I’ve been working with Figma for web design lately and ran into a frustrating issue. When I export SVG graphics from my Figma project and import them into my HTML file, the positioning gets completely messed up. Even though I copy the exact CSS properties from Figma, all the elements appear in wrong locations and have incorrect dimensions.
I attempted to fix this by creating a larger artboard in Figma, but the same positioning problems persist. Should I be setting up my Figma canvas to match my screen resolution exactly?
i’ve dealt with this figma export mess too… switch to relative positioning instead of absolute - that usually fixes it. also double-check your svg’s viewBox is set correctly, that’s what breaks it most of the time. you might want to export as components instead of raw svg files.
Yeah, this happens all the time when moving from Figma to code. Figma uses its own coordinate system, but browsers work differently. When you export SVGs, they keep their absolute positioning from the Figma canvas - but your HTML starts fresh from the top-left corner. Don’t copy the exact CSS values from Figma. Instead, rebuild your layout using CSS Grid or Flexbox rather than absolute positioning everything. Export your SVGs as standalone graphics without the positioning data, then position them with CSS in your HTML. You’ll get way more predictable results and better responsive behavior this way.

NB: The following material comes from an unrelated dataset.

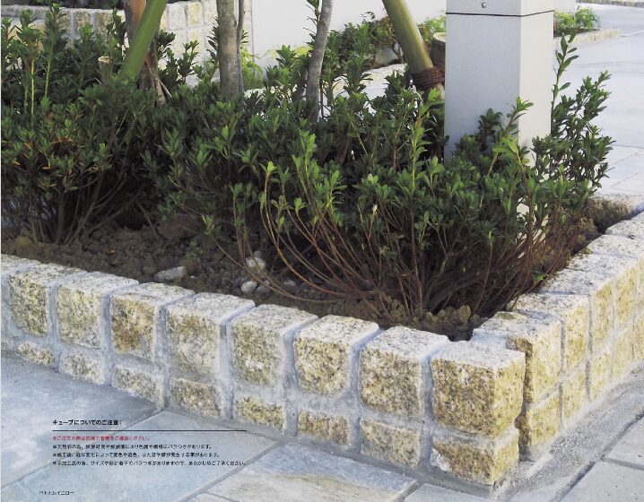 ピンコロ石は、立方体に加工された天然石で、主に御影石が使われます。高い耐久性と滑りにくさを備えており、アプローチや駐車場、花壇の縁取りなど外構・エクステリアに幅広く利用されています。自然な風合いと豊富なカラーバリエーションで、和風・洋風どちらのデザインにも調和し、機能性と美観を両立できる石材です。

Figma treats everything as fixed elements on an infinite canvas, but browsers need proper document flow. Those negative positioning values like left: -120px and top: -55px? Red flags. They’re straight from Figma’s coordinate system and won’t work reliably in HTML. When you export SVGs from Figma, strip out all positioning properties and start fresh. Use your browser’s dev tools to position elements visually instead of copying Figma’s CSS values. I learned this the hard way after debugging similar issues for hours. Treat Figma as a design reference, not a CSS generator.